Андрей стал на колени, посмотрел на нее. Она, как мертвая царевна. И вдруг он вскочил с кровати, босиком бросился к тумбочке, что-то достал оттуда. Потом включил свет. "Всего две лампочки, — мелькнуло в голове. — Маловато". С письменных столов он собрал настольные лампы, установил напротив Лены, включил. "Вот теперь можно". В руке у него был фотоаппарат.
*****
Андрей установил камеру на выдвинутый к кровати стол, объектив направил на Лену. Посмотрел в глазок, взвел автоспуск. А когда механизм затрещал, Андрей молнией бросился к Лене. Повернул ее лицо в объектив, лег между ее ног. За семь минут автоспуска Андрей все проделал с поразительной точностью и замер. Фотоаппарат щелкнул. Первый кадр сделан.

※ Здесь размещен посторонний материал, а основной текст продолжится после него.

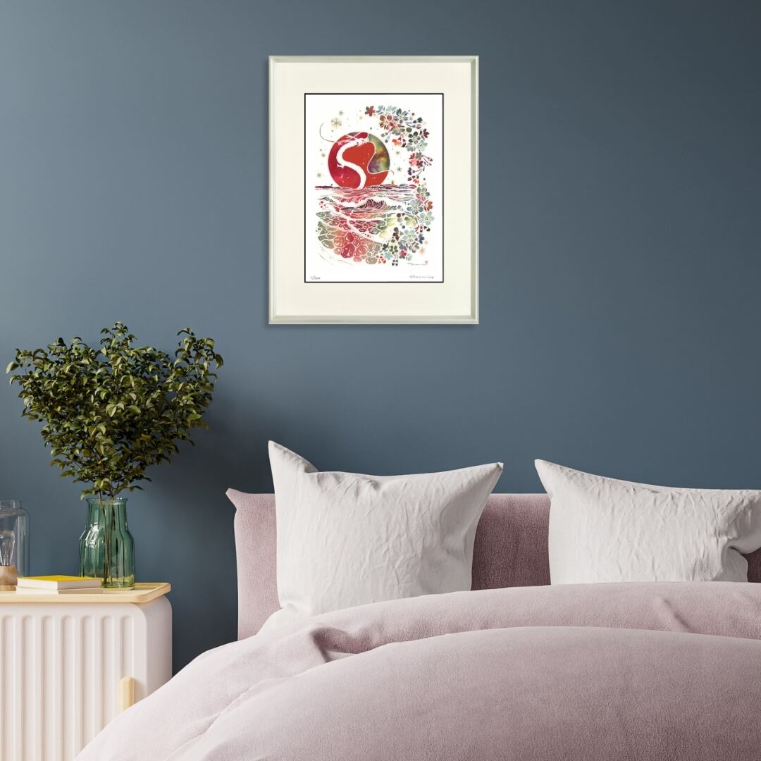 鮮やかな切り絵と美しい彩色を融合させたインテリアアートは、白い龍と日の出の光を表現し、力強さと清らかさを同時に感じさせます。額縁付きでそのまま飾れるため、リビングや玄関、オフィスなどさまざまな空間に気品を添えます。龍は古来より守護と繁栄を象徴し、日の出は新しい始まりや希望の象徴でもあり、季節の節目や新生活のお祝いにふさわしい作品です。切り絵ならではの繊細な模様や鮮やかな色彩は、光の当たり方で表情を変え、空間を華やかに演出します。開運や縁起物としても喜ばれるインテリアアートであり、贈り物としてもおすすめです。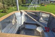 Большой надёжный чан для купания из нержавеющей стали восьмиугольной формы. Благодаря широким стенам и регулирующимся по высоте скамейкам обеспечивается особый комфорт при купании. Края сидений аккуратно закруглены во избежании неприятных ощущений.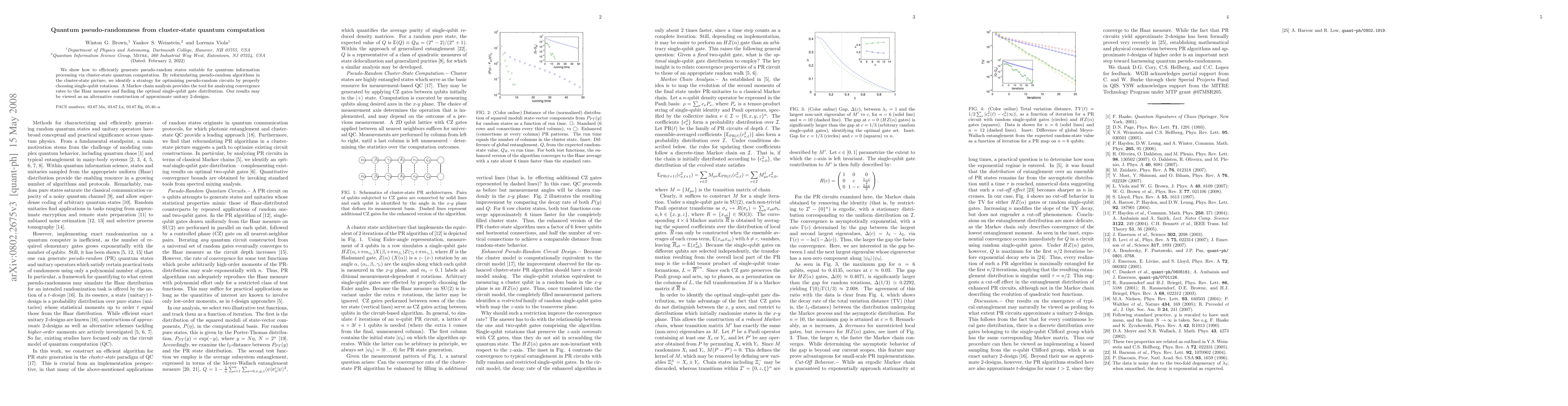 This paper presents a method for generating pseudo-random states through cluster-state quantum computation, optimizing pseudo-random circuits using single-qubit rotations and Markov chain analysis to achieve convergence to the Haar measure, offering an alternative construction for approximate unitary 2-designs.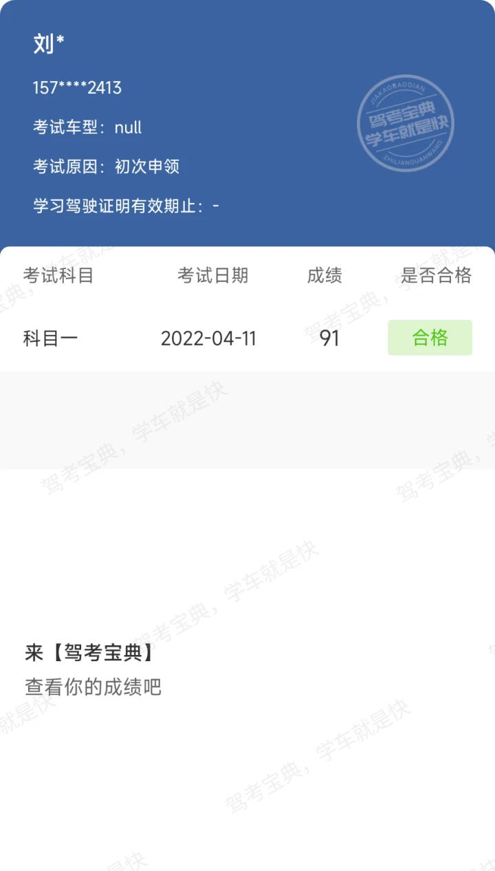 紧张的心,颤抖的手,终于过了,本来就是科目一在驾考新规还没到的时候就我有信心可以过了,但是更新之后就没有信心,然后预约之后一次就过,只要不紧张,胆大心细。大家都可以过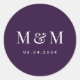 Adesivo Redondo Classic Dark Purple Monogram Typography Wedding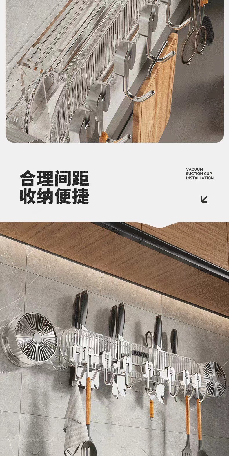 주방 후크, 펀치 없는 주걱, 벽걸이형 알루미늄 펜던트 후크, 스푼 수납 선반, 펀치 후크, 주방 및 욕실 칼 홀더스토어 가기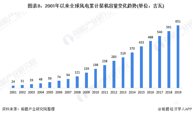 累計(jì)裝機(jī)容量方面,2001-2019年,全球風(fēng)電累計(jì)裝機(jī)容量也不斷增長(zhǎng),至2019年末,已達(dá)651吉瓦,因海上風(fēng)電場(chǎng)累計(jì)裝機(jī)容量占全球海上總裝機(jī)容量的比重達(dá)92.4%,若按90%的占比計(jì)算,全球風(fēng)電場(chǎng)累計(jì)裝機(jī)容量約為585吉瓦。
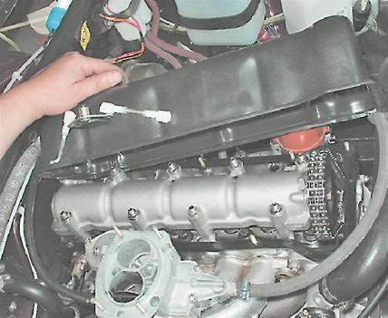 3. Отсоединяем от карбюратора трос привода воздушной заслонки (см. "Крышка карбюратора - снятие и разборка") и наконечник тяги привода дроссельной заслонки (см. "Карбюратор - снятие и установка").

Следующая мизансцена. Он приподнял ее, прислонил к стене, снова направил и настроил фотообъектив. Присмотрелся. Он делал только художественные снимки, учитывая свет и тени, наклон головы — все, все, все.

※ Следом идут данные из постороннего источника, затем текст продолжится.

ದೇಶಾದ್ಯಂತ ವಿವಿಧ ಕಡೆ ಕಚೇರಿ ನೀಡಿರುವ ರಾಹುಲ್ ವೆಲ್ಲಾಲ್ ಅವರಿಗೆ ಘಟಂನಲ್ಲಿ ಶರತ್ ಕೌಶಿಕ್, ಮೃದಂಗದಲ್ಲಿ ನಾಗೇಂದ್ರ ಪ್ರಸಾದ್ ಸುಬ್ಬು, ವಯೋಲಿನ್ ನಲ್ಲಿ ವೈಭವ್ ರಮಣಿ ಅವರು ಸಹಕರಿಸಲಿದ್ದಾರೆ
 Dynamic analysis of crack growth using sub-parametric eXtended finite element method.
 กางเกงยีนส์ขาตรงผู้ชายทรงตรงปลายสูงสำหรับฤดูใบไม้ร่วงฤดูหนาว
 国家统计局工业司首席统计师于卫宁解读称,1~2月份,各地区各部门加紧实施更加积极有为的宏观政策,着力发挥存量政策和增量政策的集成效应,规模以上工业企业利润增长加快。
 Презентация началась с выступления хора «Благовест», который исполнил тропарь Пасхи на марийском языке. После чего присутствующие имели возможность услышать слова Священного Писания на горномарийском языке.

Он еще долго ворочал безжизненное тело Лены. В каких только позах не запечатлел фотоаппарат на пленке его и Лену. Вскоре и пленка закончилась. А вместе с пленкой и забава, которой он отдался, чтобы хоть как-то вознаградить себя за бездействие партнерши. А Лена все спала. Ее мерное дыхание стало раздражать Андрея. Со злости он поднес свой член к ее пухлым темно-вишневым губам. Хотел провести головкой по ним, но передумал. Погасил свет и лег рядом. Около часа лежал без движения. Фосфорные стрелки будильника уже показывали три ночи. "Сейчас я все-таки разбужу ее, — подумал он. — Досчитаю до ста и разбужу. Раз, два, три. Десять".
Чем ближе к сотне, Андрей напрягался.
"Девяносто восемь, девяносто девять, сто"!